Avec ce roman, je retrouve le Laurent Gaudé de "Ouragan". Peut-être un peu trop. Il utilise la même trame : après avoir posé ses personnages principaux dans un lieu bien précis, il les soumet à une catastrophe naturelle et raconte comment ils y font face.
Mais, qu'à cela ne tienne, j'ai à nouveau pris un énorme plaisir à le lire. Cet auteur sait magnifiquement transmettre l'atmosphère, la mentalité et les démons des habitants d'un lieu.
Lucine qui revient après plusieurs années à Port au Prince trouve refuge chez "Fessou" (un bordel désaffecté dont la couleur était "verte" !) Elle est rapidement admise dans la petite communauté qui s'y retrouve pour jouer au dominos et savourer le bonheur de vivre. Elle y rencontre Saul et sait qu'elle ne le quittera plus. Et puis, il y a Matrak, l'ancien tonton macoute, que la petite équipe nargue parce que "la peur a changé de camp".
Mais soudain la terre se met à trembler et non contente d'anéantir la ville et de tuer les êtres qui vous sont chers, elle libère les morts.
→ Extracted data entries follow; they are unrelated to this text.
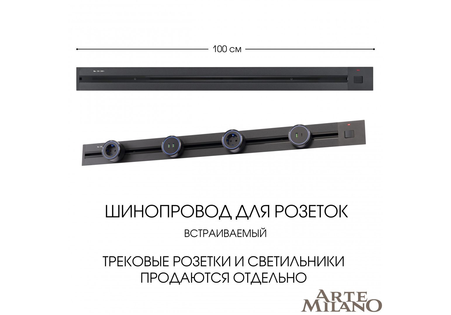 Встраиваемый шинопровод с выключателем Arte Milano Am-track-sockets 385201TBB/100 Black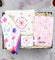 Kişiye Özel Pembe Desenli Defter & Ham Bez El Çantası & Tasarım T Kupa & Gümüş Renk Detaylı Beyaz Tükenmez Kalem & Beyaz Pembe Desenli Fular Hediye Seti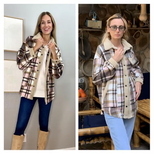 HOTOUCH Flannel Jackets Womens Sherpa Trimmed Shackets Fleece Patchwork Plaid Long Sleeve Button Down Winter Coats S-XXL 4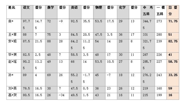 在短短两个月(5月至7月)的中考冲刺阶段,参与学生中考总分平均提升51.3分(相较一模成绩),其中最高个人提分达82.75分。抽样8名学生数据显示,各单科提分均超过11分(见表1)。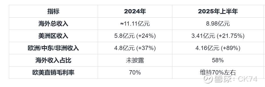 2024年:海外总收入约11.11亿元(推算自美国收入占比)。分区域看:美洲区收入5.8亿元,同比增长24%;欧洲、中东及非洲区收入4.8亿元,同比增长37%;亚太区(不含中国)收入未单独披露,但亚太整体收入14.4亿元(含中国),同比增长6%。
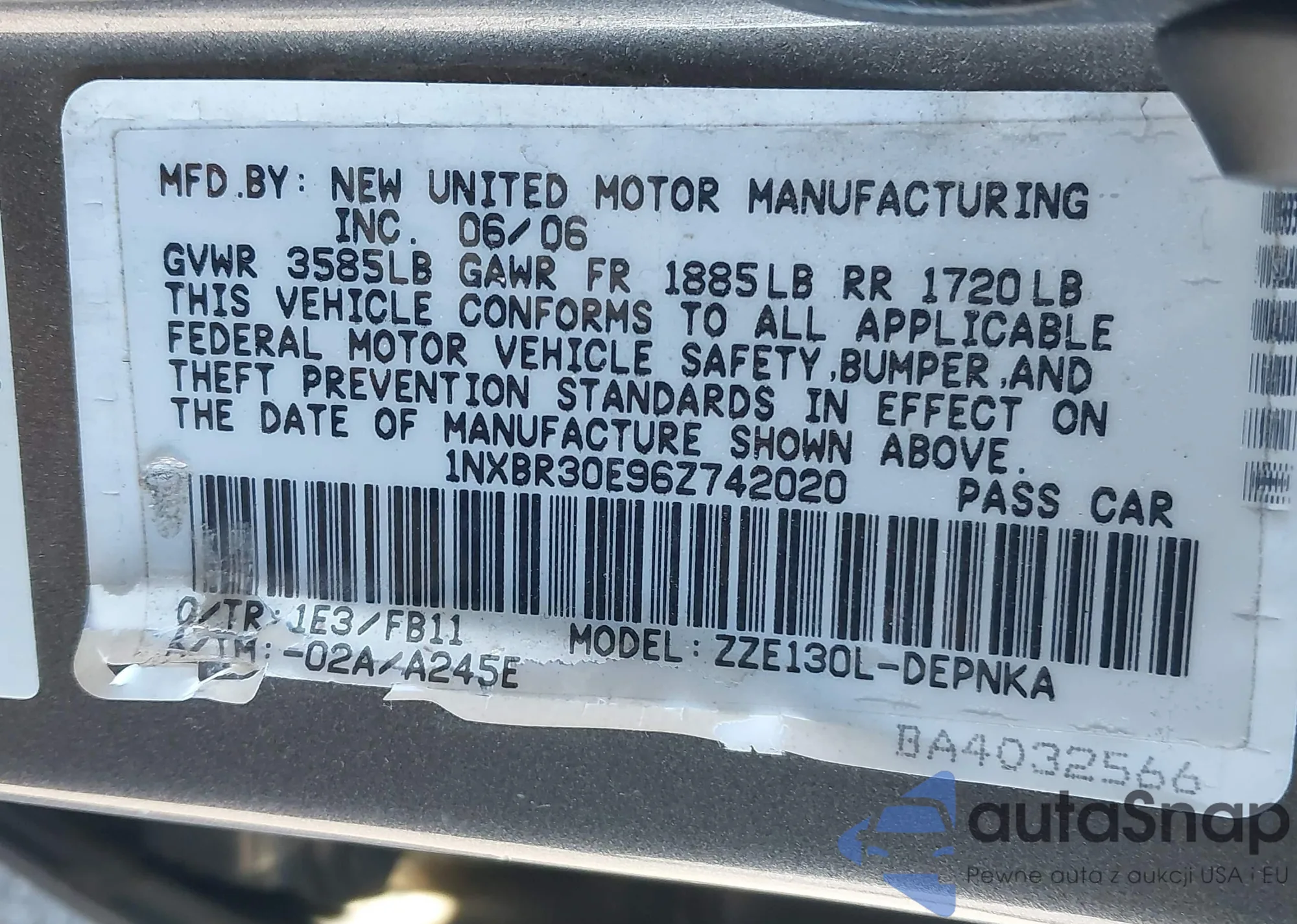 LOT: 43467282 VIN: 1NXBR30E96Z742020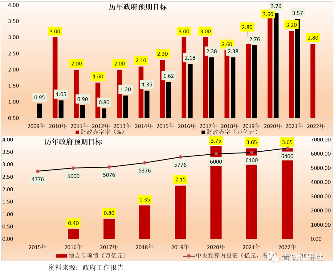 (一)雖然專項債規模沒發生變化,但中央預算內投資規模較2021年大幅增長300億元至6400億元,相對來說比較積極,此舉我們理解意在穩投資以及引導投資,通過中央預算內資金的引導,來推動更多資金加入。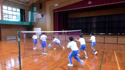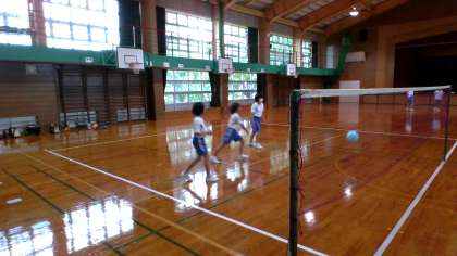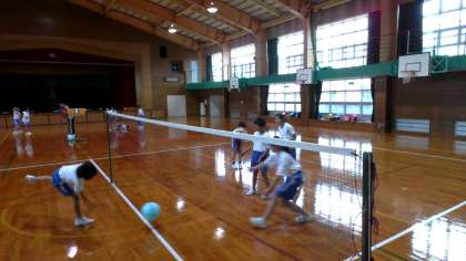 運動クラブは、自分たちで話し合って決めた活動計画をもとに運動に親しんでいます。今日は、雨天だったため体育館でソフトバレーボールを行いました。異学年の友達とも声をかけあって活動を進めています。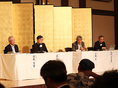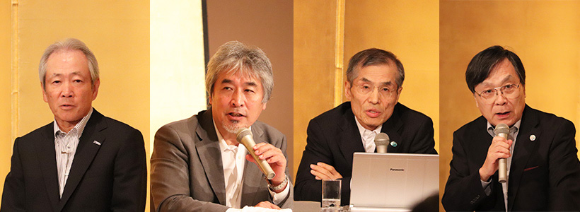 シンポジウムでは、阪本浩伸 日本経済新聞社常務執行役員大阪本社代表による挨拶の後、 高崎秀雄 日東電工株式会社社長からテーマに関する同社の取組み等の紹介があり、続いて、武田廣 神戸大学学長、山極総長、西尾章治郎 大阪大学総長から各大学の取組みや特色についてプレゼンテーションが行われました。その後、品田卓 日本経済新聞社執行役員大阪本社編集局長をモデレーターとして、高崎社長と武田学長、西尾総長、山極総長の 4名によるパネル討論が行われ、産業界からは、大学の人材育成に係る取組みを詳細に知る機会の必要性について、一方、大学からは、長期かつ包括的な組織間連携や研究スピードおよびルールの産学間での適合の重要性について話されました。直接、産業界と大学がそれぞれの人材育成などの取組みについて対話できる貴重な場となり、関西地域の特性を活かしたイノベーションや人材育成の必要性を共有し、盛会のうちに終えました。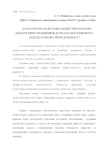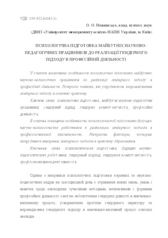 - Нежинська, О.О. (orcid.org/0000-0002-0800-356X) (2013) Psychological preparation of future scientifically-pedagogical workers is to realization of gender approach in professional activity Психолого-педагогічне забезпечення особистісного розвитку майбутнього фахівця з вищою освітою. pp. 126-133.

"Je le dis : il est temps de fermer le monde. Suffit les morts. Vous voulez les garder près de vous parce que vous avez peur du deuil. Mais les morts ne peuvent rester ici simplement pour éviter aux vivants de pleurer. Ils vont attendre. Errer. Devenir fous. Je le dis, moi qui ne parle jamais, il n'y pas de vie sans désir et les morts n'en ont plus. Ni projet, ni impatience Ils seront là comme des arbres morts, contemplant la vie qu'ils n'ont pas. Suffit les morts ! Que ceux qui veulent les retrouver cessent de vivre ! Pour les autres, il est temps de les raccompagner. Que Prophète Coicou prenne la tête de la marche avec moi. Nous allons danser les ombres. Et le monde se refermera."
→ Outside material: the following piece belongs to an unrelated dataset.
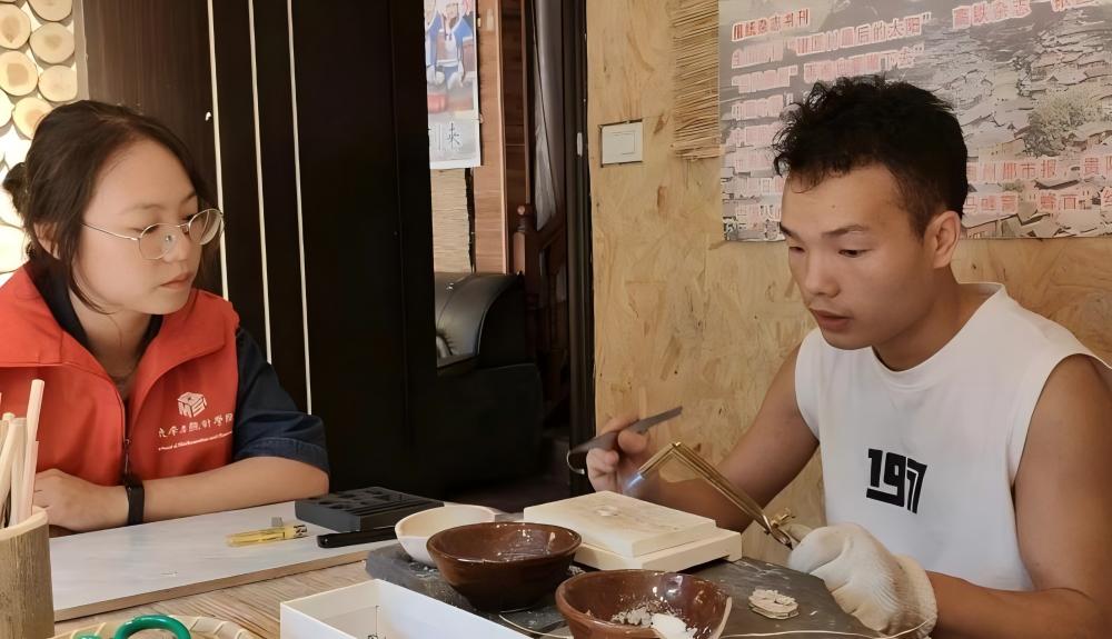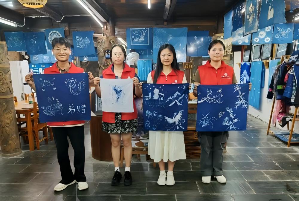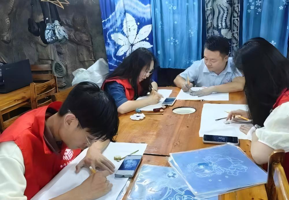 在嘎歌古巷,團(tuán)隊(duì)成員學(xué)習(xí)并體驗(yàn)了苗族銀飾的鍛造工藝和苗族蠟染工藝。非遺傳承人龍虎太的學(xué)徒阿青指導(dǎo)隊(duì)員學(xué)習(xí)敲打銀片、焊接銀飾。在苗族非遺蠟染體驗(yàn)中心,負(fù)責(zé)人龍老師和侯老師指導(dǎo)每位隊(duì)員進(jìn)行鉛筆繪圖、蠟刀上蠟、浸水染色、平鋪氧化、煮沸脫蠟、清洗晾干等工作,完成了一套完整的蠟染流程。隊(duì)員們都獲得了一副屬于自己的蠟染作品。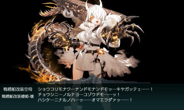| 【装甲破砕】 [装甲-48]戦標船改装棲姫 各形態 [装甲-36]軽巡ツ級, 軽巡ト級flagship, 軽母ヌ級改elite, 駆逐ナ級IIe(量産型)elite, 潜水新棲姫flagship |

Lucine et Saul qui participent à cette longue marche pour "semer" les morts ne savent plus très bien si l'un ou l'autre arrivera jusqu'au bout de ce long processus.
On retrouve dans ce roman l'humanisme de Gaudé, son sens de la fraternité et de l'amitié. Des bons sentiments peut-être, mais des sentiments vrais et forts.